Saturday, 2 July 2011

Kevin DeYoung et al. on The Old Faith for a New Day (1)

Kevin DeYoung (ed.), Don’t Call It a Comeback: The Old Faith for a New Day (Wheaton: Crossway, 2011), 252pp., ISBN 9781433521690.

I enjoyed reading this during a family holiday over the Easter period, partly because it was easy to pick up and put down again in between the pleasant distractions of going out for walks, trips to the beach, etc.

Edited by Kevin DeYoung (Senior Pastor at University Reformed Church in East Lancing, Michigan), it’s essentially a collection of short essays in three main parts:

• Part 1 – Evangelical History: Looking Forward and Looking Back

• Part 2 – Evangelical Theology: Thinking, Feeling, and Believing the Truths That Matter Most

• Part 3 – Evangelical Practice: Learning to Live Life God’s Way

It’s badged as belonging to ‘The Gospel Coalition Series’, and D.A. Carson provides the Foreword, in which he draws attention to the relative youthfulness of the contributors, and notes the twin aims of the collection as being ‘to unpack what Christians ought to believe and how they ought to act and... to articulate the essentially theological nature of evangelicalism’ (14).

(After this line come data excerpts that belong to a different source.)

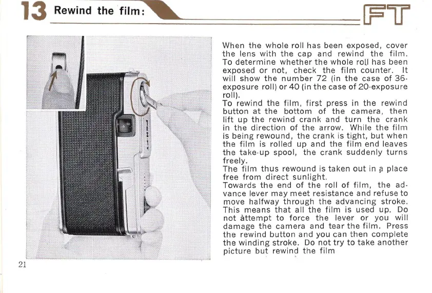 Olympus Pen FT - Rewinding Exposed Film; Film Rewinding Procedure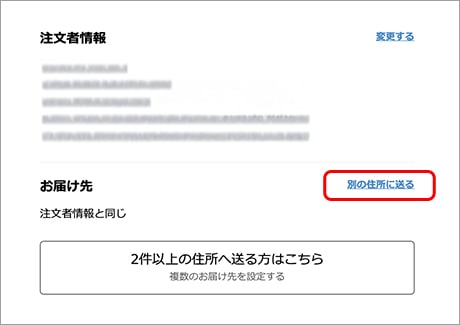 「別の住所に送る」のリンクから、お届け先情報を入力してください。【複数のお届け先を指定する場合】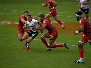 Toulon doit réagir avant qu'il ne soit trop tard. En force, le RCT déroule un maul qui termine dans l'en-but. Christopher Tolofua est le porteur de balle et donc le marqueur d'essai (17-7, 18'). Cet essai a redonné de la confiance aux toulonnais qui veulent réduire au plus vite l'écart au score et profiter de ce temps fort. Mais si la vitesse et la puissance sont du côté des visiteurs, la défense locale fait preuve de solidarité et d'application pour repousser les tentatives varoises. Les en-avants ne sont pas réservés qu'à Toulon. Brive, aussi, en commet et cela vient terminer de belles attaques comme celle où Romanet ne parvient pas à contrôler le ballon en bout de ligne dans les 22 de Toulon. Le RCT se met à la faute alors qu'on s'approche tranquillement de la pause. Laranjeira grossit l'avance de son équipe (20-7, 34'). Toulon termine mieux cette période et pousse pour recoller au score. Les toulonnais sont dans les 5 mètres brivistes. En retrait, Anthony Belleau adresse une transversale à Daniel Ikpefan qui ne peut capter cette passe au pied. On en reste là et Brive mène 20 à 7 face à Toulon. Le CAB a réalisé un début de match tonitruant pour rapidement prendre les devants et ainsi contrôler un peu mieux la rencontre. Attention à la réaction toulonnaise après la pause.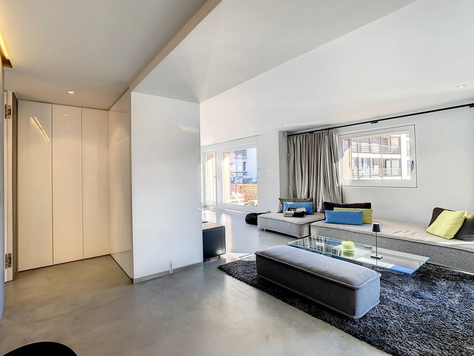 This unique property offers beautiful open and bright spaces as well as a splendid view of the mountains and the center of the resort. It benefits from two bedrooms, including a master of 50m2, and two Italian shower rooms.

In his Introduction – ‘All Grown Up and Nothing to Say’ – Kevin DeYoung expands briefly on that twofold aim, expressing the hope that the book ‘might be of some small use in reforming God’s church according to the Word of God and forming Christians in the truth of God’s Word’ (17).

I’ll try to write separate posts on each of the three parts.